Both candidates were criticizing each other’s qualifications, policy positions and judgment. Sanders voiced his disapproval of many decisions Clinton made in the past to demonstrate poor judgment on her part.

“I question a judgment which voted for the war in Iraq, the worst foreign policy blunder in the history of this country, voted for virtually every disastrous trade agreement which cost us millions of decent-paying jobs,” Sanders said. “And, I question her judgment about running super PACs, which are collecting tens of millions of dollars from special interests, including $15 million from Wall Street.”

This criticism was later followed with a disagreement on the specifics of raising the minimum wage. Whereas Sanders supports an immediate raise to $15 throughout the United States, Clinton defended a more gradual approach that may end up with varying wages depending on the cost of living in particular cities and states.

“When this campaign began, I said that we got to end the starvation minimum wage of $7.25, raise it to $15,” Sanders said. “Secretary Clinton said let’s raise it to $12. There’s a difference. And, by the way, what has happened is history has outpaced Secretary Clinton because all over this country, people are standing up and they’re saying, ‘$12 is not good enough. We need $15 an hour.’”

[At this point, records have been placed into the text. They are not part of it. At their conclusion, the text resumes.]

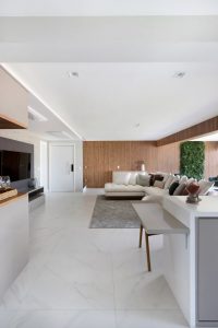 Outra alteração estrutural foi a retirada da caixilharia que dividia o living e a varanda gourmet, que hoje recebeu um lindo jardim vertical trazendo vida ao ambiente. A Viga e o pilar remanescentes foram revestidos por um sofisticado painel ripado de madeira, com dose extra de conforto ao conjunto social.
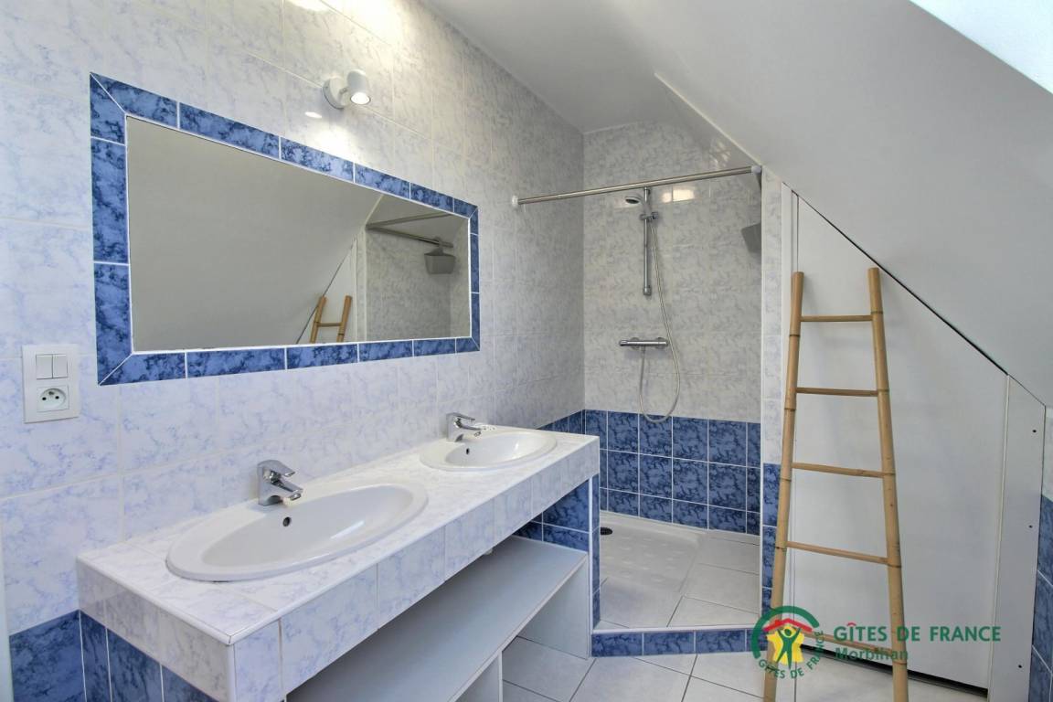 - Obergeschoss: 2 Schlafzimmer (1 140x190-Bett und 2 90x190-Betten), ein Duschbad und eine separate Toilette.
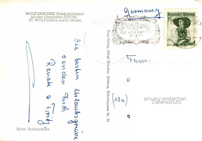 72811838 alte Postkarte Wolfgangsee mit Strobl St Wolfgang und St Gilgen postalisch gelaufen Erhaltung siehe scans [WerneD78] KatCode: 11390
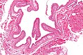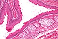 | LM | cyst lined by squamous epithelium with a corrugated eosinophilic lining, no granular cell layer |
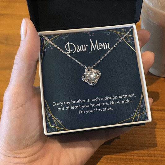 Mom Necklace, Mom Mother’S Day Gift Love Knot Necklace Brother Disappointment Message Card
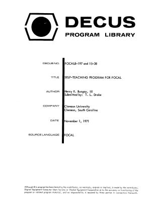 This document outlines a self-teaching program designed to help users learn the FOCAL programming language. Developed by H. R. Bungay, III at Clemson University in 1971, the program is intended to run on PDP-15 and PDP-8 computer systems.
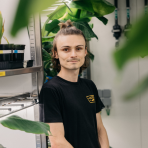 I am interested in CROPPS because of its mission to develop groundbreaking tools to listen and talk to plants. Plants are wired with internal long-distance communication systems that enable roots and shoots to adapt growth to fluctuating environments; long-distance signals are signaling molecules (peptides in my project) that translocate from one organ system/tissue to another within plants. The C-terminally encoded peptide (CEP) signaling relay is one such system. Under limited Nitrogen conditions, plants produce CEP peptides in their roots that travel up into the shoot where they bind to two CEP receptors (CEPRs). These receptors turn on the production of shoot-derived polypeptides–CEP Downstream 1/2 (CEPD1/2)–that descend back down into the roots and increase Nitrogen uptake. I plan to engineer a novel synthetic system in tomato that is constructed around the core components involved in CEP nitrogen signaling. My project’s aim is to create biotic drought-sensor plants that produce a fluorescent signal in response to water replete environments. CROPPS opens a stage for collaboration that I hope will allow me to lessen the gap between applied plant biology/agricultural studies and digital studies.

Although it would be incredible to raise the minimum wage to $15, this is simply not a realistic proposition for every region of the country. Raising the minimum wage to $15 is a radical suggestion, and it will have a negative impact on small businesses.

The owners of mom-and-pop shops throughout the United States would struggle to come up with that kind of money for every employee, particularly entry-level positions. Not every business can afford to pay its dishwashers $15 an hour.

Clinton’s proposal is much more sensible because it takes into consideration the variation from city to city and state to state.

“We want to raise it higher than it ever has been,” Clinton said. “But, we also have to recognize some states and some cities will go higher, and I support that. I have taken my cue from the Democrats in the Senate, led by Senator Patty Murray and others, like my good friend Kirsten Gillibrand, who has said we will set a national level of $12 and then urge any place that can go above it to go above it.”

Throughout the debate, there were moments when Clinton and Sanders were yelling at each other and interrupting each other’s responses.

In fact, Wolf Blitzer, the CNN debate moderator, had to remind the candidates that if they kept yelling over each other, the viewers would not be able to hear either one of them.

Both candidates were eager to prove to the citizens of New York that they deserved their votes. The battle for New York has been a rowdy one, but it has provided both candidates with the opportunity to defend their record and earn some votes.

Ultimately, considering the hostilities on the debate stage, it is apparent that the election is heating up, and it seems that New York may have the final say in deciding who the Democratic nominee will be.